The task:
Print all of the data exactly, with no line missing.

Information supplied:

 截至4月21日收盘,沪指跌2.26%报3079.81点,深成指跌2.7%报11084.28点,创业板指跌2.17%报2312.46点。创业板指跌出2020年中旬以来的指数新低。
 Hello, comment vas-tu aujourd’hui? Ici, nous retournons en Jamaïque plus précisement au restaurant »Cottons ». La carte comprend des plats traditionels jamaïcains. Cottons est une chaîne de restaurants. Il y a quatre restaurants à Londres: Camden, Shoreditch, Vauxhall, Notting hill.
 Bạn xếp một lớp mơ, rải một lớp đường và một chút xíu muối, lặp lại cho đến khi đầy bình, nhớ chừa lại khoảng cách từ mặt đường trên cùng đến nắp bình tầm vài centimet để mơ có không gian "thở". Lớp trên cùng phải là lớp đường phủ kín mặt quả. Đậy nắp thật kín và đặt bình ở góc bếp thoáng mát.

Solution:
 截至4月21日收盘,沪指跌2.26%报3079.81点,深成指跌2.7%报11084.28点,创业板指跌2.17%报2312.46点。创业板指跌出2020年中旬以来的指数新低。
 Hello, comment vas-tu aujourd’hui? Ici, nous retournons en Jamaïque plus précisement au restaurant »Cottons ». La carte comprend des plats traditionels jamaïcains. Cottons est une chaîne de restaurants. Il y a quatre restaurants à Londres: Camden, Shoreditch, Vauxhall, Notting hill.
 Bạn xếp một lớp mơ, rải một lớp đường và một chút xíu muối, lặp lại cho đến khi đầy bình, nhớ chừa lại khoảng cách từ mặt đường trên cùng đến nắp bình tầm vài centimet để mơ có không gian "thở". Lớp trên cùng phải là lớp đường phủ kín mặt quả. Đậy nắp thật kín và đặt bình ở góc bếp thoáng mát.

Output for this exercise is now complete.